Poland alone lost some 6 million citizens — 3 million of them Jews — and more than half its national wealth in destroyed factories, torched museums, libraries and villages. During the Nazi occupation, the country was also to be used as base for the occupying Nazis' genocide machinery, home to Auschwitz, Majdanek, Sobibor and other death camps built for the annihilation of Europe's Jews.

At the height of the war, the European theater stretched from North Africa to the outskirts of Moscow, and pitted Germany and its allies, including Italy, against Britain, France, the Soviet Union and the United States, along with a host of other countries, including Polish forces in exile.

The war in Europe ended on May 8, 1945, with Germany's unconditional surrender.

Later in the day, around 20 European leaders and officials including German Chancellor Angela Merkel, Russian Prime Minister Vladimir Putin, French Premier Francois Fillon and British Foreign Secretary David Miliband, will take part in a larger service on Westerplatte.

The US will be represented by National Security Adviser James Jones.

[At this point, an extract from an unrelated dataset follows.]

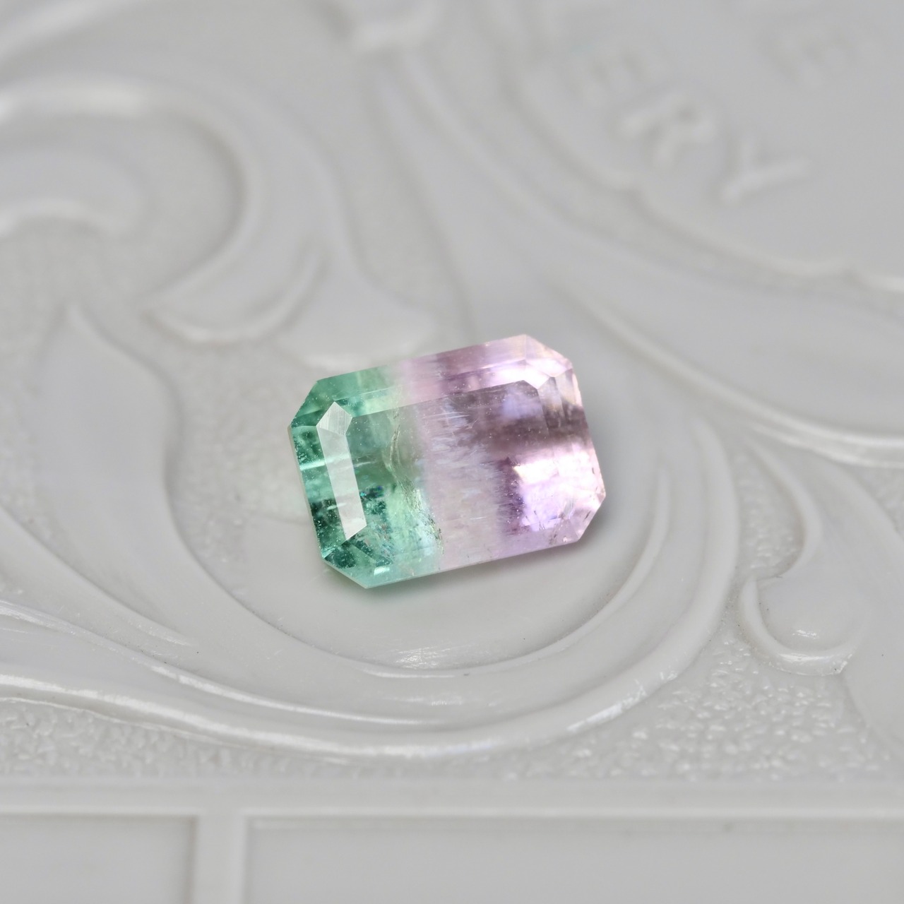 バイカラートルマリン 1.10ct エメラルドカット 7.1mm×5.1mm×3.3mm【MJ2827】

The delegation, which is lower ranking that of most European nations, has disappointed some in Poland who view Washington as a close and historic ally.

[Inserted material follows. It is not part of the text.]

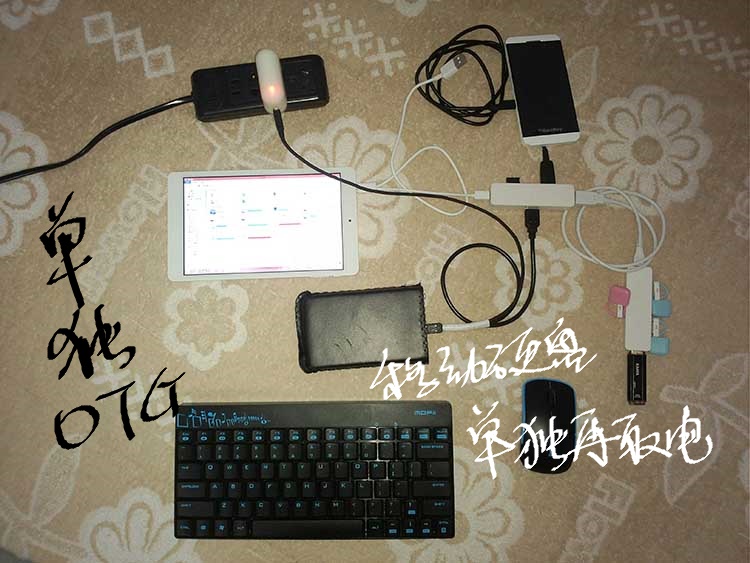 1、初次使用,可在平板不重启的情况下使用单独OTG功能。另外,从边充电边OTG切换到单独OTG可直接按此接法连接。接法如下图所示:

But the presence of Merkel and Putin — the leaders of the countries that invaded Poland in the fall of 1939 — has sparked the most interest in Poland.

Warsaw enjoys generally warm ties with Germany, and Merkel welcomed her invitation to the events, pointing to it a "signal of reconciliation" between the two countries. Both are members of the European Union.

She called Sept. 1 is "a day of mourning for the suffering" that Nazi Germany brought on Europe and of "remembrance of the guilt Germany brought upon itself" by starting the war.

Poland's relations with Russia, meanwhile, remain tense.

But in a letter to Poles published in the Polish daily Gazeta Wyborcza on the eve of the anniversary, Putin called for "joint grief and forgiveness" in the hope that "Russian-Polish relations will sooner or later reach such a high level of true partnership," as Russian-German ties.